DATASET RECORDS
>>>>>

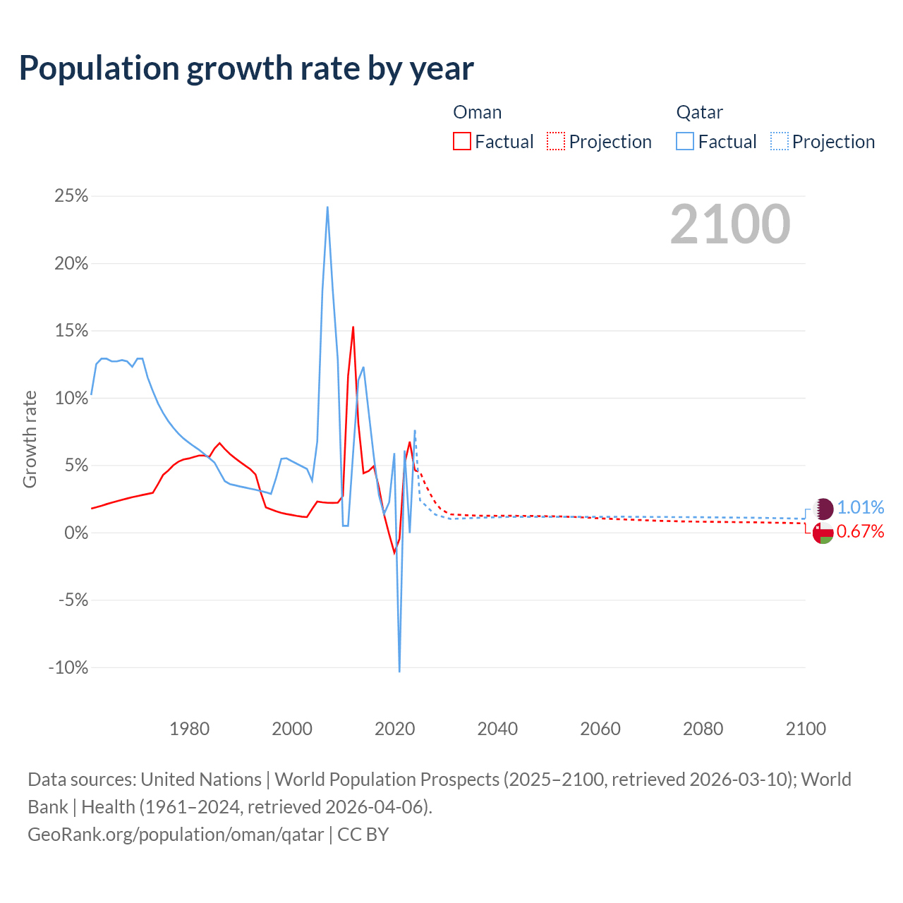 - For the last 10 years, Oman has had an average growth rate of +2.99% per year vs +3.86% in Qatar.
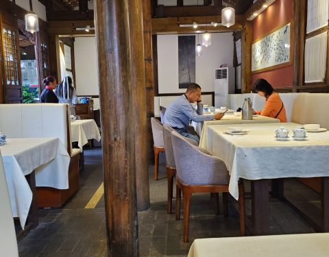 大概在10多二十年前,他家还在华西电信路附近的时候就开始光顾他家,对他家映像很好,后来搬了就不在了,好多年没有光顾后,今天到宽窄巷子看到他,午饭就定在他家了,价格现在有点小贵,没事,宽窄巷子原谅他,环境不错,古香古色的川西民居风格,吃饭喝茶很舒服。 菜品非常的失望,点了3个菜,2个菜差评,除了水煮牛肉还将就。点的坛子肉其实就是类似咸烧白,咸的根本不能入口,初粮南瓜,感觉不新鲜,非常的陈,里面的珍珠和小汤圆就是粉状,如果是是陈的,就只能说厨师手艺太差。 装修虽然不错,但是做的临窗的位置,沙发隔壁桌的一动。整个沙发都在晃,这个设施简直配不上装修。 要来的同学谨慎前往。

<<<<<
>>>>>

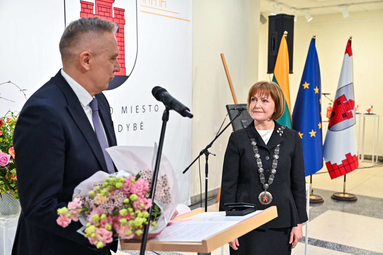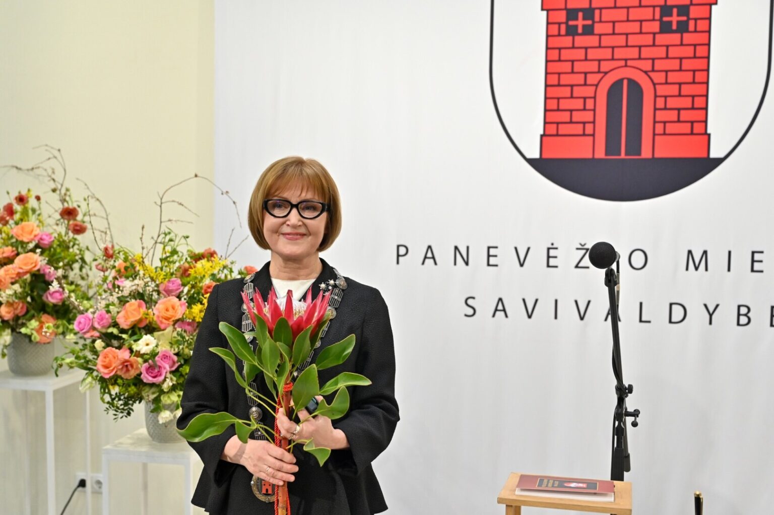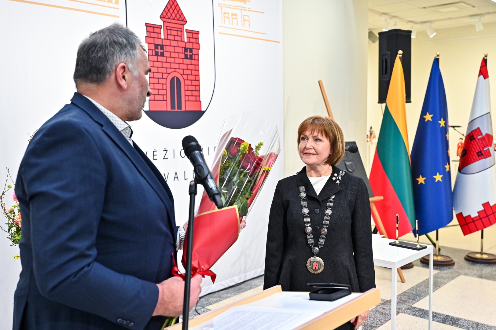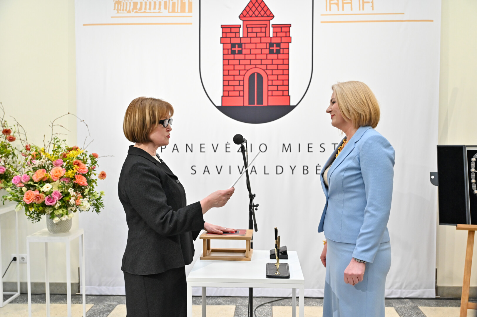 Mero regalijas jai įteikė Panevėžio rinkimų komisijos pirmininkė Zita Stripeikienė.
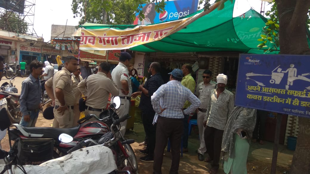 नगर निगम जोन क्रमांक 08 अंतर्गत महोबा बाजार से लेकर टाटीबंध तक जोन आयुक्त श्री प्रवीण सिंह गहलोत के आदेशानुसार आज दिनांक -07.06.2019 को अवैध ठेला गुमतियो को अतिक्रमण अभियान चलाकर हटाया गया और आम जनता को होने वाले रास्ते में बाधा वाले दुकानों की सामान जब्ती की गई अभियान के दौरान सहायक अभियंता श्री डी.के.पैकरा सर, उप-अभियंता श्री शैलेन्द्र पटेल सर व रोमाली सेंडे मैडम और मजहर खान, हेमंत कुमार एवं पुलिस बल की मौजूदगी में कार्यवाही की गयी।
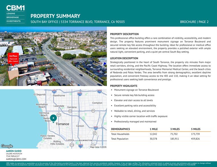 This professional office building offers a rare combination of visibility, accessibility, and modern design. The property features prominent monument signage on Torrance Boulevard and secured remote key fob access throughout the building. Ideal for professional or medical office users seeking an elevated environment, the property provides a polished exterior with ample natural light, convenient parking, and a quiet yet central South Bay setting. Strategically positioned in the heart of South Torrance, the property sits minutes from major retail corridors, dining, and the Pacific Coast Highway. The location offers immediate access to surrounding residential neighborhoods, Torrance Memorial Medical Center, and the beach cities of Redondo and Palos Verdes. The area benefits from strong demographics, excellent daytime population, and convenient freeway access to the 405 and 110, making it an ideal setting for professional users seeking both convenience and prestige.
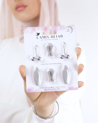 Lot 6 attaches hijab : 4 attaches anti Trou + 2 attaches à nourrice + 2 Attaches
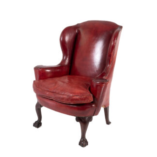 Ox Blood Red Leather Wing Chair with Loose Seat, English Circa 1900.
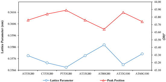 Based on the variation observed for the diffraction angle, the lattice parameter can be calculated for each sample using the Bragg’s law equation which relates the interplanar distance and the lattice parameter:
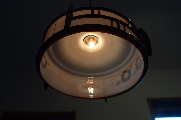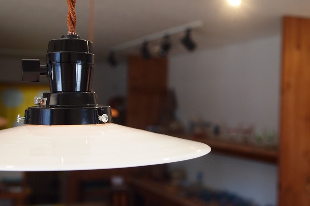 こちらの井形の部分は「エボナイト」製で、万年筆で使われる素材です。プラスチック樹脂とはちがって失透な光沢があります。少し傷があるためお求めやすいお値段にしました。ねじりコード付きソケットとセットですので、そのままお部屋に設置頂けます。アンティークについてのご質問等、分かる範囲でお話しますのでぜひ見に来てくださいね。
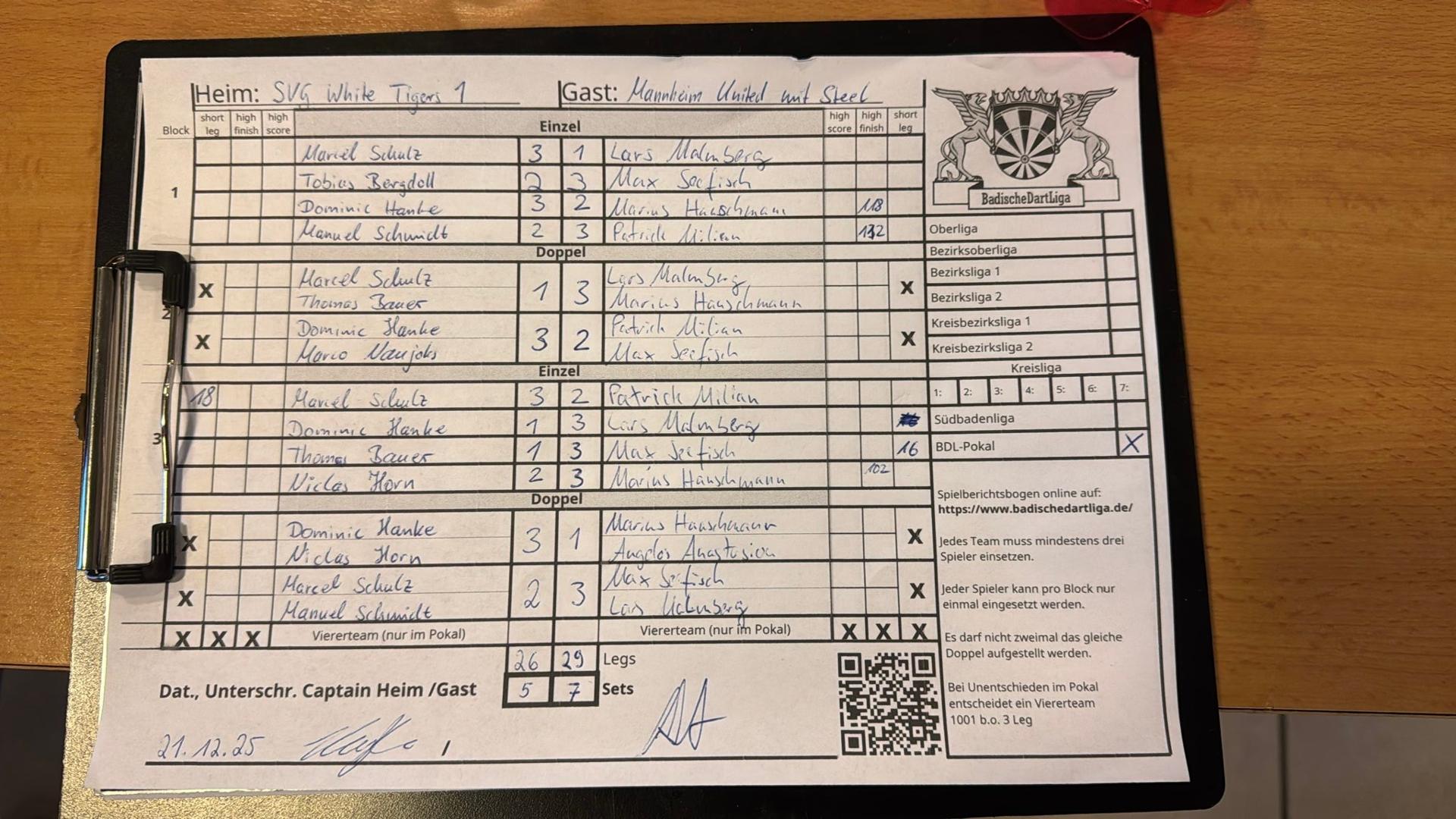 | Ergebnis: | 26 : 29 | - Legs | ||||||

<<<<<
>>>>>

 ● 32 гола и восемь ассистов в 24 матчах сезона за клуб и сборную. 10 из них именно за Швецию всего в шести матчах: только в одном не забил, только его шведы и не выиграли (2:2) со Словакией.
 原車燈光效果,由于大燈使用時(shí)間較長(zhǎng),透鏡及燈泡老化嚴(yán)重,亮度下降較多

<<<<<

EXERCISE GOAL
Given the records above, return exactly the lines starting at the line containing "(2:2) со Словакией." and ending at the line containing "原車燈光效果,由于大燈使用時", including both.

EXERCISE ANSWER
 ● 32 гола и восемь ассистов в 24 матчах сезона за клуб и сборную. 10 из них именно за Швецию всего в шести матчах: только в одном не забил, только его шведы и не выиграли (2:2) со Словакией.
 原車燈光效果,由于大燈使用時(shí)間較長(zhǎng),透鏡及燈泡老化嚴(yán)重,亮度下降較多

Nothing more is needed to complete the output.